** Source material follows **

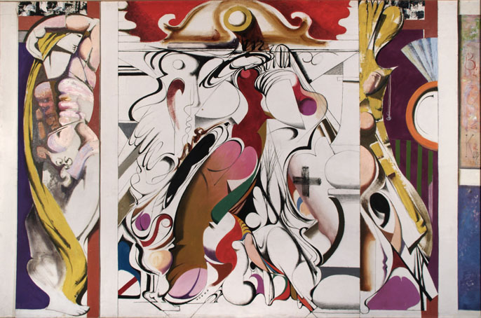 386 Triptychon mit männlichem Akt, April 1962, Öl mit Bleistift auf Hartfaser,
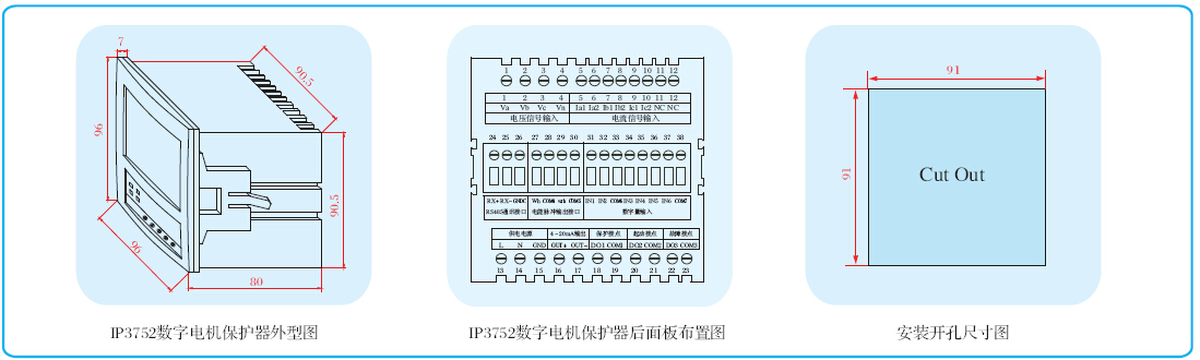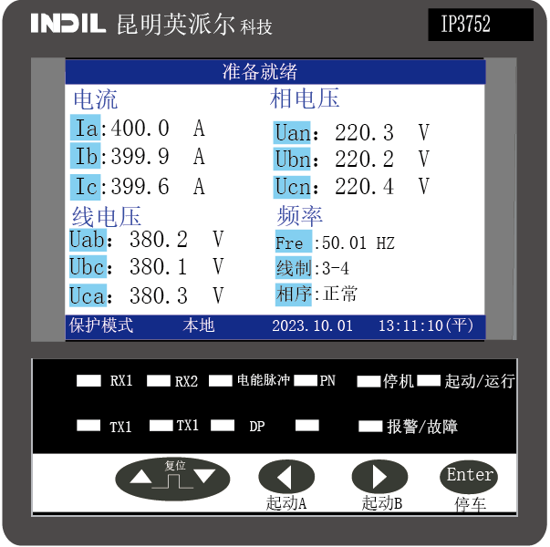IP3752數(shù)字電機保護器(以下簡稱保護器)主要用于保護交流電壓380V,頻率50Hz,電流1000A以下的各種交流電機。具有過載、堵轉(zhuǎn)、輕載、不平衡/缺相、過壓/欠壓、短路、接地等故障保護功能,并有最大允許分斷電流保護以及全參數(shù)測量(包括三相電壓/電流、接地電流、有功/無功功率、功率因數(shù)、頻率、有功和無功正/負電能和不平衡率等參數(shù))、操作控制、遠程通訊等功能。其采用互感器與主體分離的電流輸入方式,需配合專用或通用CT模塊一起使用。
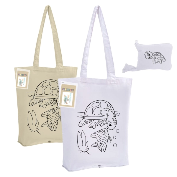 Colour your own custom design character foldable cotton tote bag this bag makes a fun way for kids to use their creativity to colour and decorate the bags. It keeps kids entertained for hours and away from electronic devices. The bag is made of 170gsm echo friendly 100% cotton fabric with bottom gusset and can be folded and zipped into a small wallet size it comes with 8 assorted non toxic coloured wax crayons packed in a recycled cardboard box which will be packed in a small plastic bag stapled on cotton bag. Crayon Colours Pink Red Orange Yellow Green Blue Purple and Black.
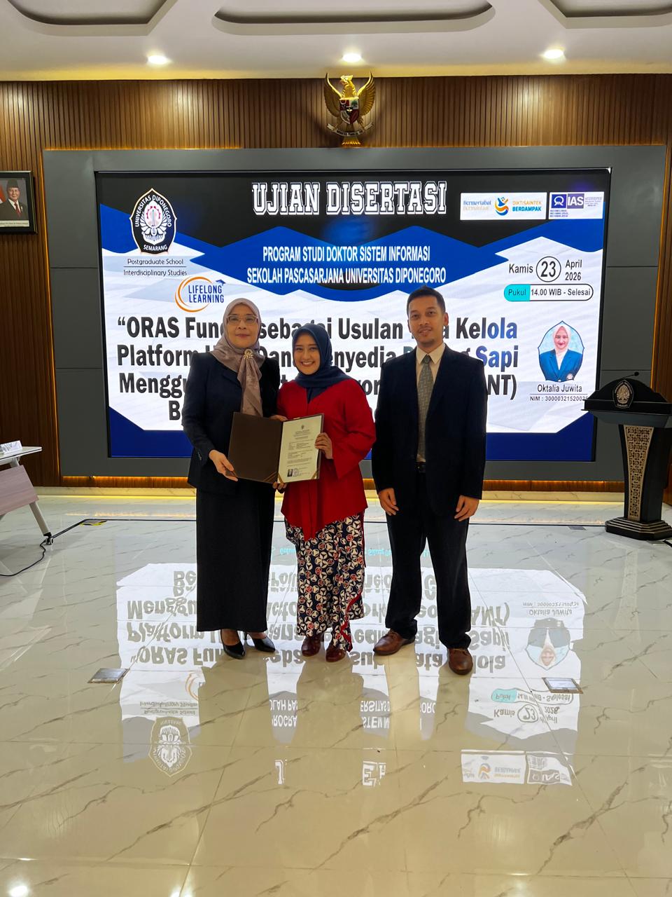 “I deeply appreciate the successful completion of this doctoral dissertation defense. Oktalia Juwita was able to complete her studies with a Very Satisfactory Grade despite having to travel from Jember to Semarang. Her research, which is about Using the PORAS Funder Model as a Proposed Governance Model for a Beef Crowdfunding Platform Using Actor-Network Theory (ANT) Based on Grounded Theory (GT),”
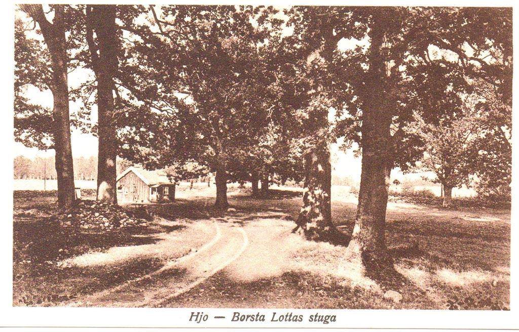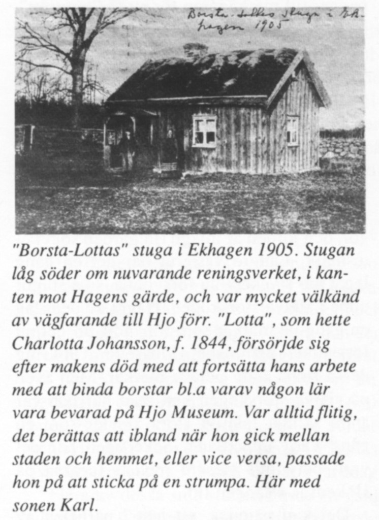 Om”Borsta-Lotta” berättade min pappa att hon för att ”badgästerna” från vattenkuranstalten skulle tycka lite synd om henne, och köpa en borste, ska ha sagt att hon hade varit tvungen att gå genom tre socknar för att komma till marknaden. Detta var sant. Hon bodde några meter innanför gränsen till Norra Fågelås socken. Stugan låg ett tiotal meter från landsvägen mot Hjo. Hjo landsförsamling tar vid direkt vid muren som syns bakom stugan på bilden och sträcker sig ca 200 meter norrut längs vägen, därefter börjar Hjo stadsförsamling. Hennes gångväg till torget var ca. 2 km.
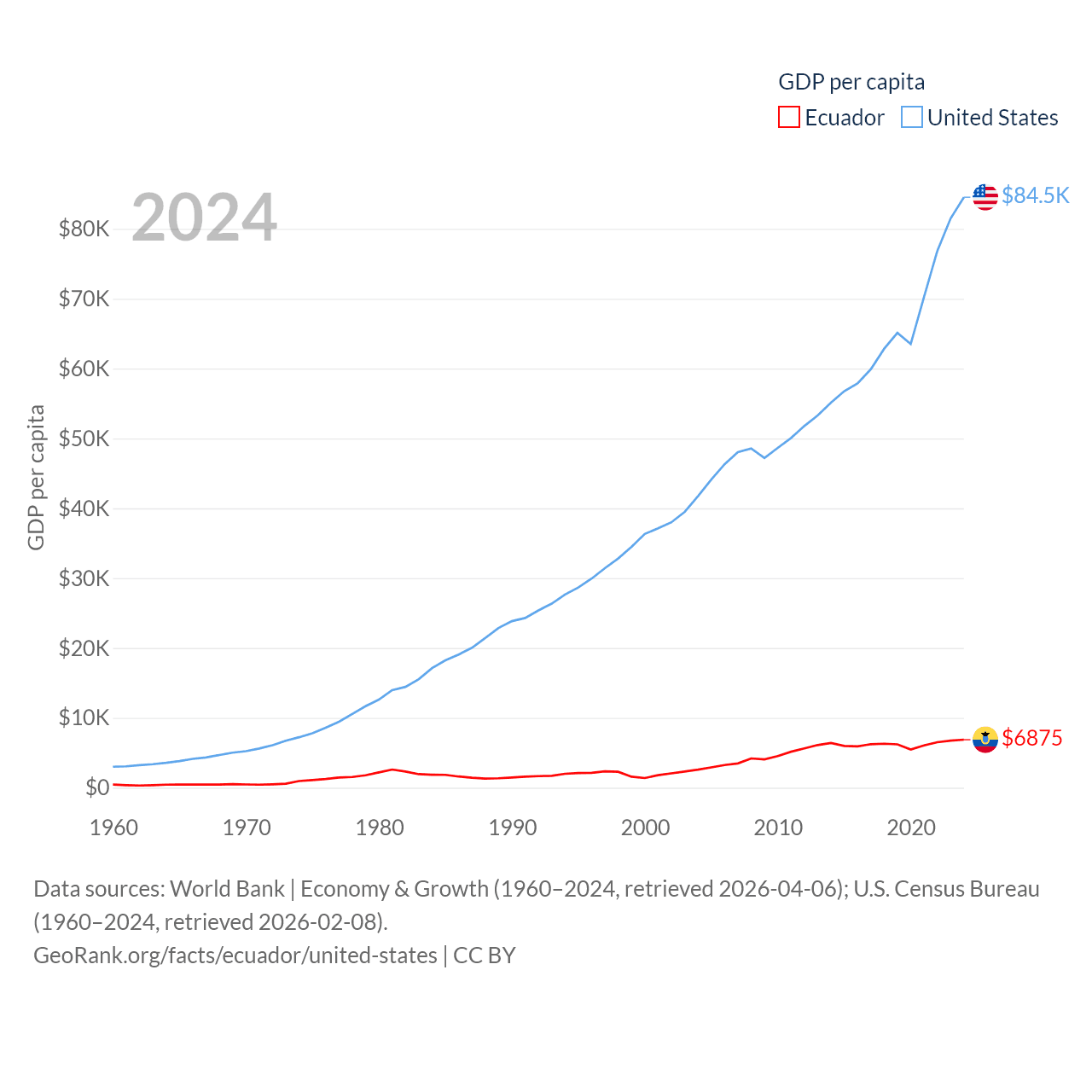 By GDP, Ecuador ranks 62/197 ($125B) and The United States ranks 1/197 ($28.8T). By GDP per capita, Ecuador ranks 103/197 ($6,875), while The United States ranks 10/197 ($84,534).
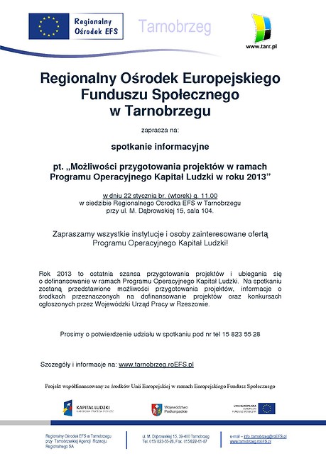 Rok 2013 to rok ostatnich możliwości ubiegania się o środki z Europejskiego Funduszu Społecznego. Wojewódzki Urząd Pracy w Rzeszowie właśnie przedstawił Plany Działania na ten rok, czyli informacje o tym, kiedy i jakie projekty można przygotować oraz kwoty, które zostały przeznaczone na ich sfinansowanie. Najbardziej zainteresowane tymi środkami będą szkoły, stowarzyszenia oraz wszystkie instytucje działające na rzecz osób niepełnosprawnych. Największe środki zostały skierowane na szkolenia, kursy, warsztaty dla osób niepełnosprawnych, pomoc dla zwalnianych pracowników w ramach procesów restrukturyzacyjnych w firmach oraz na programy rozwojowe dla szkół. Informacje o możliwościach przygotowywania projektów i otrzymaniu dofinansowania zostaną przedstawione na bezpłatnym spotkaniu informacyjnym w dniu 22.01.2012 organizowanym przez Regionalny Ośrodek EFS w Tarnobrzegu-instytucje, która pomaga przygotować takie projekty. Spotkanie odbędzie się Sali Tarnobrzeskiej Agencji Rozwoju Regionalnego przy ul. M. Dąbrowskiej 15. Początek spotkania o godz. 11.00.
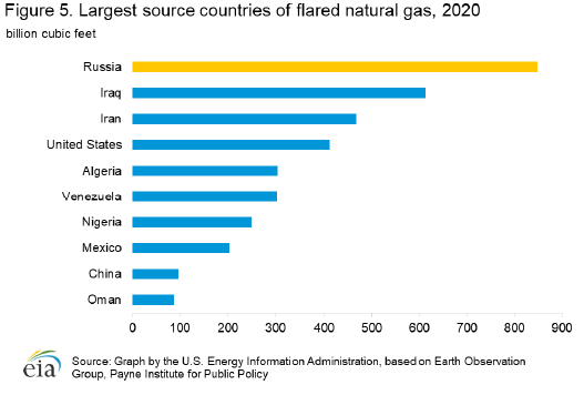 根据美国国家海洋和大气管理局(NOAA)地球观测组的数据,俄罗斯2020年燃烧了约849亿立方英尺的天然气,是世界上燃烧天然气最多的国家,约占2020年全球燃烧天然气总量的17%。(图5)。
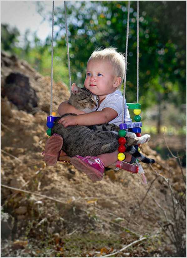 Трогательная картинка: ребёнок и кот. Ребёнок с котом в обнимку сидит на качелях!) Скучно малышу без кота, а с ним полная гармония!)
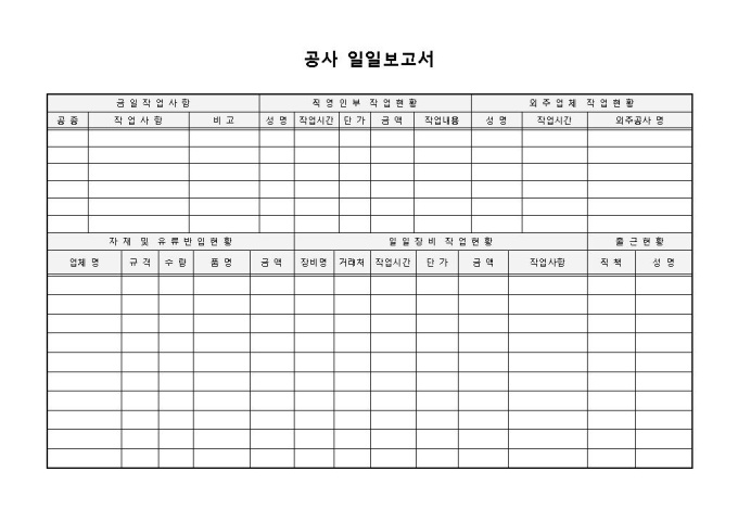 9,000원/월공사 일일보고서입니다. 금일작업사항, 직여인부 작업현황, 외주업체 작업 현황 등으로 구성되어 있습니다. 공사현장에서 공사관리자가 일일에 대한 보고서로 작성하여 사용할 수 있습니다.

** End of Source material **

Required work:
Every line from the one containing "Трогательная картинка: ребёнок" through the last line of the data, both included, is to be repeated exactly; the pictures are to be left out.

Exercise answer:
 Трогательная картинка: ребёнок и кот. Ребёнок с котом в обнимку сидит на качелях!) Скучно малышу без кота, а с ним полная гармония!)
 9,000원/월공사 일일보고서입니다. 금일작업사항, 직여인부 작업현황, 외주업체 작업 현황 등으로 구성되어 있습니다. 공사현장에서 공사관리자가 일일에 대한 보고서로 작성하여 사용할 수 있습니다.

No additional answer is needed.